The East Siberian lemming, Eastern Siberian brown lemming, or Ognev's lemming (Lemmus paulus) is a species of lemming endemic to Russia, where it has a disjunct distribution throughout parts of Siberia east of the Verkhoyansk Range.

== Taxonomy ==
It was formerly thought conspecific with the West Siberian lemming (L. sibiricus), which replaces it west of the Verkhoyansk Range, with both species being previously classified together as the Siberian brown lemming. Some populations were also previously classified as populations of the Amur lemming (L. amurensis). More recent genetic studies found both the eastern L. sibiricus and the northern L. amurensis together represent a distinct species.
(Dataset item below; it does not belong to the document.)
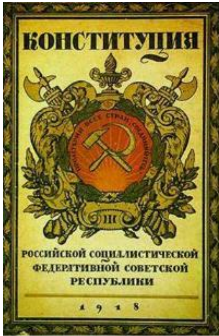
Конституция РСФСР 1918 г.

9 июля 1918 г. V Всероссийский съезд Советов возобновил работу. 10 июля он принял Конституцию РСФСР, которая провозглашала Советскую власть в форме диктатуры пролетариата и беднейшего крестьянства. Высшим органом власти становился Съезд Советов, а в промежутках между Съездами - ВЦИК. Исполнительная власть принадлежала Совнаркому.

The results of these studies were accepted by the American Society of Mammalogists.

== Distribution ==
There are several disjunct populations; one is found from the Verkhoyansk Range east to the Kolyma River, including the New Siberian Islands; it is largely replaced by the Beringian lemming (L. nigripes) east of this region.

Another population is found south of the aforementioned northern population, being distributed from southern Yakutia and western Khabarovsk north to Magadan; this population was formerly classified as a subspecies of the Amur lemming, L. a. ognevi, or as its own distinct species, L. ognevi. Another population is found throughout most of the Kamchatka Peninsula (this population was also formerly classified as a subspecies of the Amur lemming, L. a. flavescens, or as its own distinct species, L. flavescens) although a disjunct population of L. nigripes is also present in the southern section of the peninsula.

Finally, an isolated population is present on Wrangel Island. This population was previously included as a subspecies of L. sibiricus by Jarrell and Fredga in 1993, while Chernyavskii (also in 1993) regarded it as a separate species, L. portenkoi. However, phylogenetic studies support it being a population of L. paulus.